### How to complete this task:
Across the whole listing, return each line exactly, with no images included.

### Data section:
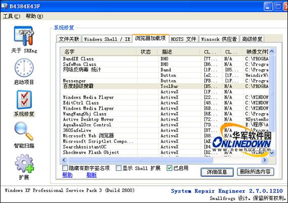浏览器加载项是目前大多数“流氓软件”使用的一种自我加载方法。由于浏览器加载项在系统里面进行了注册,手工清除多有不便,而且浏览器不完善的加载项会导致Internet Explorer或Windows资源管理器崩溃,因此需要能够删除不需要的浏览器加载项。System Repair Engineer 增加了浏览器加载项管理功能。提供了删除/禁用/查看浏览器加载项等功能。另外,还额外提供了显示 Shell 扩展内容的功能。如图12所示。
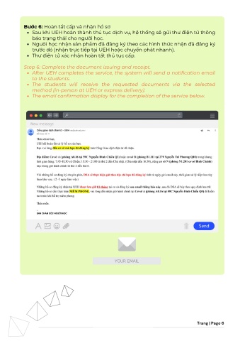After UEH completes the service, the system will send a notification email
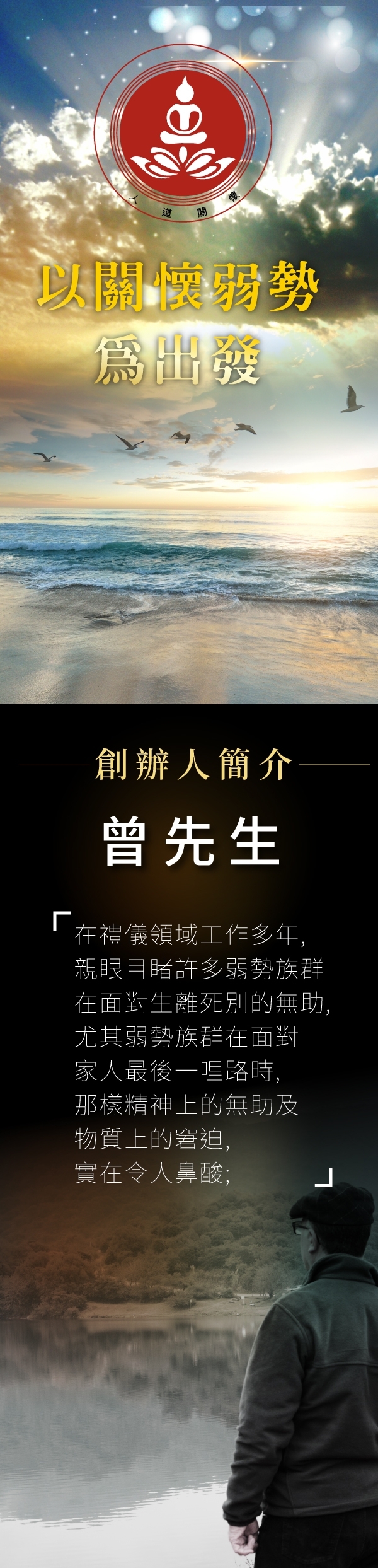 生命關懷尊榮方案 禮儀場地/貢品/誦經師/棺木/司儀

### Response to this exercise:
浏览器加载项是目前大多数“流氓软件”使用的一种自我加载方法。由于浏览器加载项在系统里面进行了注册,手工清除多有不便,而且浏览器不完善的加载项会导致Internet Explorer或Windows资源管理器崩溃,因此需要能够删除不需要的浏览器加载项。System Repair Engineer 增加了浏览器加载项管理功能。提供了删除/禁用/查看浏览器加载项等功能。另外,还额外提供了显示 Shell 扩展内容的功能。如图12所示。
After UEH completes the service, the system will send a notification email
 生命關懷尊榮方案 禮儀場地/貢品/誦經師/棺木/司儀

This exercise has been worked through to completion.